Top of Exercise data

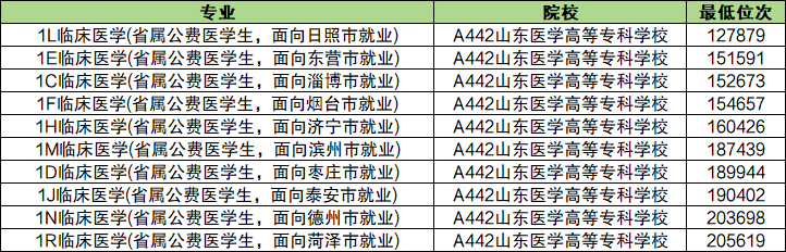 临床医学专业:2023年录取需面向日照市、东营市、淄博市、烟台市、济宁市、滨州市、枣庄市等地就业,分数最低为面向菏泽市就业。
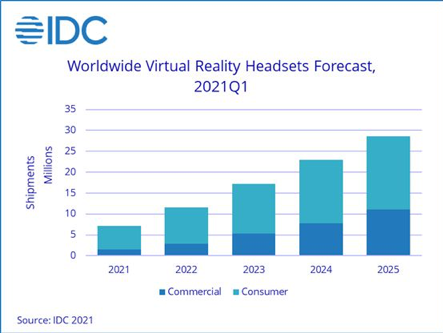 据IDC数据显示,全球VR设备出货量正在提速,预计2021-2025年全球VR头显出货量将保持41%的年复合增速。预计2021年的出货量将由2020年的670万台提升到850万台,2025年更是将达到2860万台。
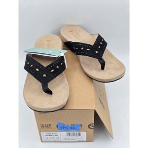 QTY 1 - REVITALIGN Women's Kena Studded Flip-Flop Black Suede Women's Sz 9B NWOB Comfy
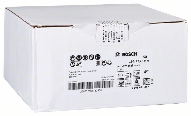 Характеристики Шлифовальный круг R780 для металла и Inox 180 x 22,23 мм, G50 BOSCH код товару 2608621617
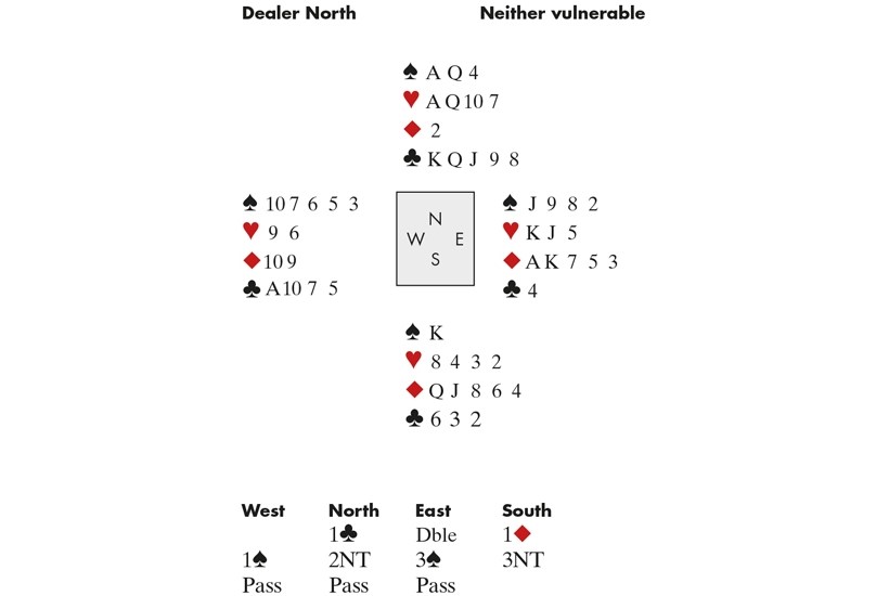 East led the ♠2, won in dummy. Steve did well to play a club to the ♣9, followed by the ♣K (East throwing a diamond). West won and returned a spade. Steve now ran the clubs, carefully watching East’s discards. East came down to ♠J9 ♥KJ, ◆AK. He should have thrown a winning diamond and kept the ♥5, but that was hard to do. Steve cashed the ♥A, and played the ♥10 to East’s ♥K. East cashed the ◆AK — but that was it for the defence.

Bottom of Exercise data

▶ Problem details: In the material above, which lines fall between the one holding "QTY 1 - REVITALIGN" and the one holding "Характеристики Шлифовальный круг", inclusive? Print exactly those, with the pictures left out.

▶ Solution to the problem:
 QTY 1 - REVITALIGN Women's Kena Studded Flip-Flop Black Suede Women's Sz 9B NWOB Comfy
 Характеристики Шлифовальный круг R780 для металла и Inox 180 x 22,23 мм, G50 BOSCH код товару 2608621617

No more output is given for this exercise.